2. Angles in degrees are entered to define and modify orientations the robot is to assume at named locations, and to describe angular positions of robot joints. Angle values can be positive or negative, with their magnitudes limited by 1800 or 3600 depending on the usage. Within the range, angle values can be specified in increments of 0.01°. Values cannot be represented internally, however they are stored as
nearest representable value.

==The VAL system==
The function of VAL is to regulate and control a robot system by following user commands or instructions. In addition to being a compact stand-alone system, VAL has been designed to be highly interactive to minimize programing time, and to provide as many programming aids as possible.

===External communication===
The standard VAL system uses an operator's console terminal and manual control box to input commands and data from the user. The operator console serves as the primary communication device and can be either a direct play terminal or a printing terminal. Interaction with other devices in an automated cell is typically handled by monitoring input channels and switching outputs. By this means the robot can control a modest cell without the need for other programmable devices.

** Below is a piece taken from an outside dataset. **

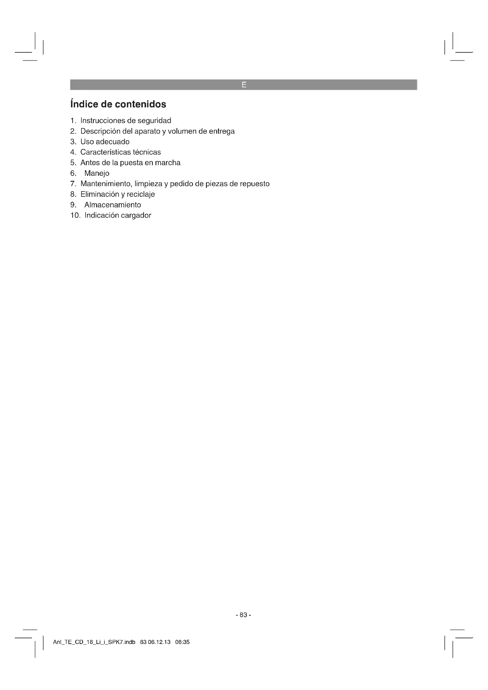 Sólo para países miembros de la UE No tirar herramientas eléctricas en la basura casera. Según la directiva europea 2002/96/CE sobre aparatos usados electrónicos y eléctricos y su aplicación en el derecho nacional, dichos aparatos deberán recojerse por separado y eliminarse de modo ecológi- co para facilitar su posterior reciclaje. Alternativa de reciclaje en caso de devolución: El propietario del aparato eléctrico, en caso de no optar por su devolución, está obligado a reciclar ade- cuadamente dicho aparato eléctrico. Para ello, también se puede entregar el aparato usado a un centro de reciclaje que trate la eliminación de residuos respetando la legislación nacional sobre residuos y su reciclaje. Esto no afecta a los medios auxiliares ni a los accesorios sin componentes eléctricos que acompañan a los aparatos usados. Sólo está permitido copiar la documentación y documentos anexos del producto, o extractos de los mismos, con autorización expresa de iSC GmbH. Nos reservamos el derecho a realizar modicaciones técnicas Anl_TE_CD_18_Li_i_SPK7.indb 91 06.12.13 08:35E
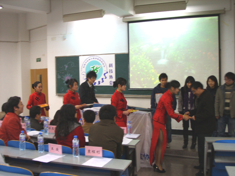 优秀学子展学风,yl23455永利集团“2008年学生科技学术月”活动已落下帷幕,在此次活动中涌现出一批优秀的个人、团队及其作品。为表彰在此次活动中表现突出的同学和班级,学院于12月17日晚在90326教室举行了“学术月三大赛事”的颁奖典礼。学院党总支书记喻永红,副书记陈善国,副院长邹昌平、曾晓松出席,教务办主任邱全奎、学团办主任尹建平、团总支书记刘静以及各年级辅导员班主任、赛事专业指导老师参加了此次颁奖晚会。

===VAL Operating System===
The controller has two levels or operation:
- the top level is called the VAL operating system, or monitor, because it administers operations of the system, including interaction with the user;
- the second level is used for diagnostic work on the controller hardware. The system monitor is a computer program stored VAL programmable read-only memory (PROM) in the Computer/Controller.
PROM memory retains its contents finitely, and thus VAL is immediately available when the controller is switched on. The monitor is responsible for control of the robot, and its commands come from the manual control unit, the system terminal, or from programs. To increase its versatility and flexibility, the VAL monitor can perform of its commands even while a user program is being executed. Commands that can be processed in this way include those for controlling the status of the system, defining robot locations, storing and retrieving information on the floppy disk, and creating and editing robot control programs.